The court says, “It is a body funded by public money. Its action or inaction in its sphere of responsibility can affect the public welfare.”
Whether this extends to First Nation governments is uncertain.
A lawsuit is an extreme measure but some band members claim repercussions may also be denial of services, delays in delivery of services, or sometimes uncomfortable or violent confrontations.
Crookedneck speaks to community members back home often and hears of similar situations.
“I have Elders phoning me. I have friends phoning me [saying] ‘I’ve been fired, what do I do now?’” she says. “And I will say don’t lose hope, just do what you need to do to keep going.”
Although accountability is elusive in some First Nation communities, it isn’t necessarily a widespread problem.

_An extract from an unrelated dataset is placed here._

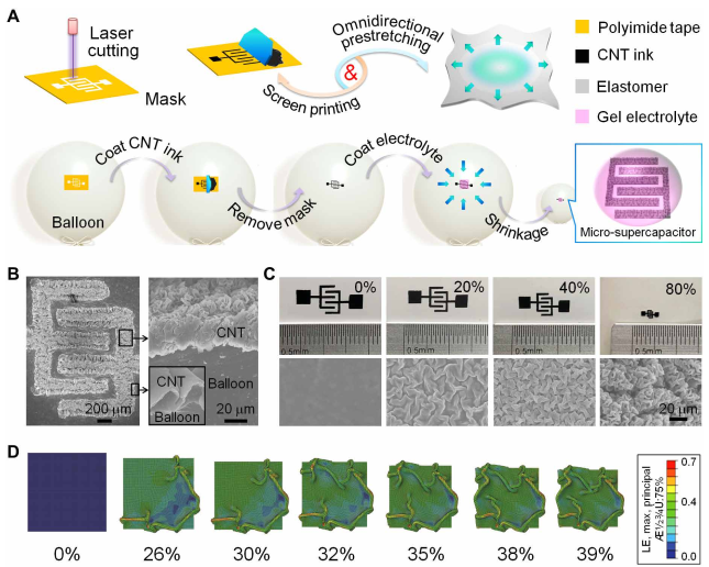 对于平面MSCs加工技术的优化,需要考虑如何使更多的电极材料在微尺度范围内尽可能多地暴露在电解液中。近年来,预拉伸策略在可拉伸器件中得到了广泛的研究,即覆盖在单轴或双轴预拉伸弹性体上的薄膜材料在衬底松弛后被压缩变形,形成紧密堆积的褶皱结构。实验结果表明,与块状结构相比,丰富的堆叠结构的存在可以在同一空间内提供更多的暴露表面积。因此,我们试图将丝网印刷方法与预拉伸策略相结合(图1),目的是在有限的图案区域内产生紧密堆积的活性电极表面。在不需要复杂固定装置的情况下,我们选择膨胀状态下的乳胶气球作为全向预拉伸弹性基底,弥补了传统预拉伸系统中拉伸方向的不均匀性。进一步选用力学性能优良、导电性高的碳纳米管(CNT)浆料作为可压缩电极材料。将CNT浆料刮涂到气球表面的电极掩模板上,然后通过移除模板形成图案化电极。值得一提的是,膨胀的气球球囊可以为掩模板和电极材料的附着提供足够的支撑,有效地降低了操作难度。在预涂一层凝胶电解质后,将气球放气收缩便轻松地得到了皱缩结构的MSC,实现了从宏观操作到微器件生产的一步转化。此外,全向收缩应力制备的微器件具有显著的保形性,可以实现多样化的器件设计。

First Nations with self-government agreements or modern treaties often have democratic mechanisms built into that agreement.
Bands that opt to use a custom election code may also have appeal and complaint processes developed. But a reserve that chooses to follow the Indian Act rules leaves their citizens looking towards Ottawa.
Sometimes the courts are used by grassroots people but can be expensive.
“The courts are not the only place justice can be done. And, in fact, the way the system operates now it works a procedural injustice against people who don’t have that kind of money,” Binnie says.
Borrows says modern solutions can come from traditional inspiration.
“We could create dispute resolution structures, that is tribal courts or peacemaking courts,” he says. “So that if there’s a disagreement within our community, we could go to our own laws, go to our own processes, our principles, to be able to get this done.”